Tytuł projektu:  „Akademia Innowacyjnych Zastosowań Technologii Cyfrowych (AI Tech)”
    </center>

In this lab, you will implement some of the techniques discussed in the lecture.

Below you are given a solution to the previous scenario. Note that it has two serious drawbacks:
 * The output predictions do not sum up to one (i.e. it does not return a distribution) even though the images always contain exactly one digit.
 * It uses MSE coupled with output sigmoid which can lead to saturation and slow convergence 

**Task 0.** Implement a numerically stable version of softmax.

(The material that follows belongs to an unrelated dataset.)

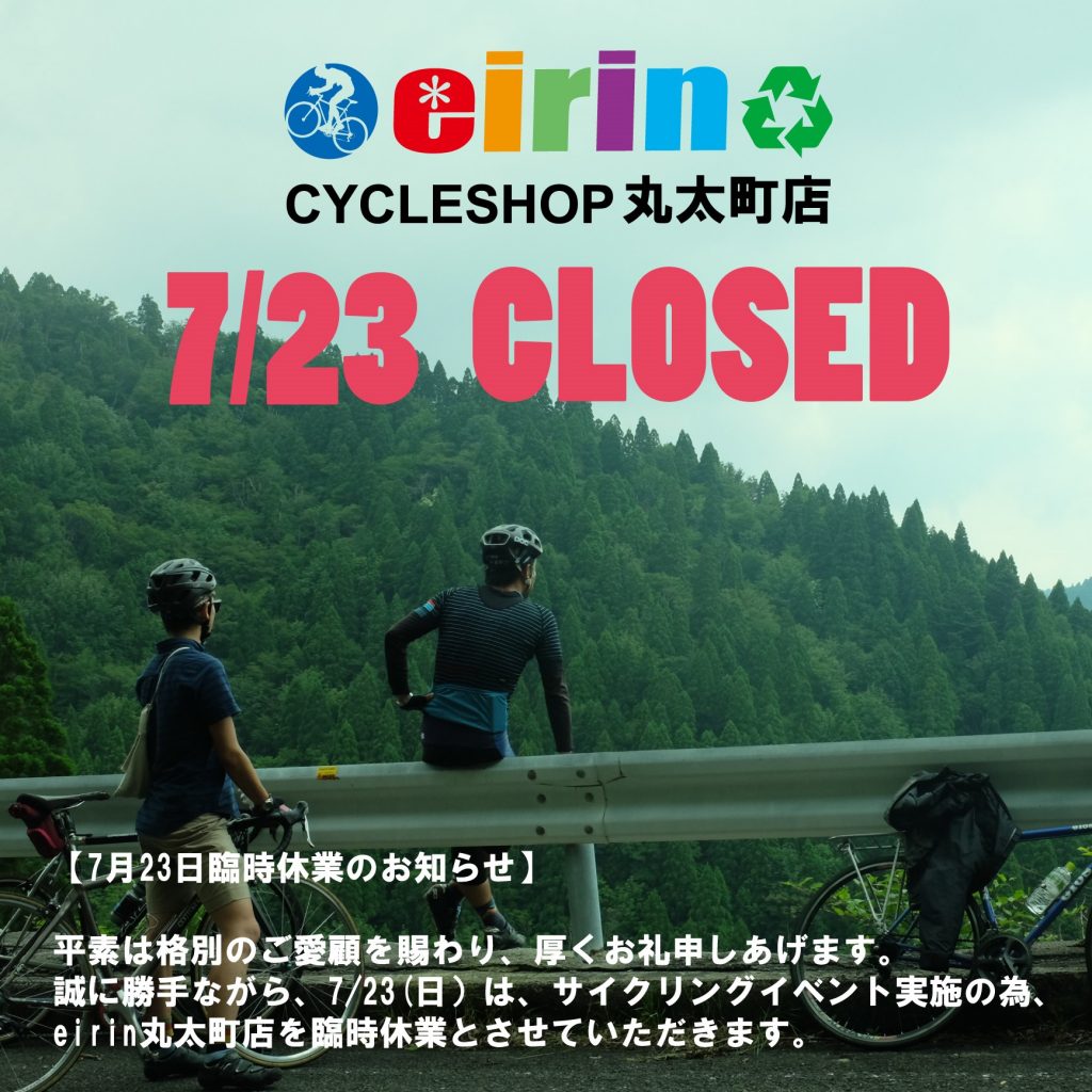 さて、誠に勝手ながら、7月23日(日)におきまして、サイクリングイベント実施の為、eirin丸太町店を臨時休業とさせていただきます。

**Task 1.** Use softmax instead of coordinate-wise sigmoid and use log-loss instead of MSE. Test to see if this improves convergence. Hint: When implementing backprop it might be easier to consider these two functions as a single block and not even compute the gradient over the softmax values. 

**Task 2.** Implement L2 regularization and add momentum to the SGD algorithm. Play with different amounts of regularization and momentum. See if this improves accuracy/convergence.

**Task 3 (optional).** Implement Adagrad or AdamW (currently popular in LLM training), dropout, and some simple data augmentations (e.g. tiny rotations/shifts, etc.). Again, test to see how these changes improve accuracy/convergence.

**Task 4.** Try adding extra layers to the network. Again, test how the changes you introduced affect accuracy/convergence. As a start, you can try this architecture: [784,100,30,10]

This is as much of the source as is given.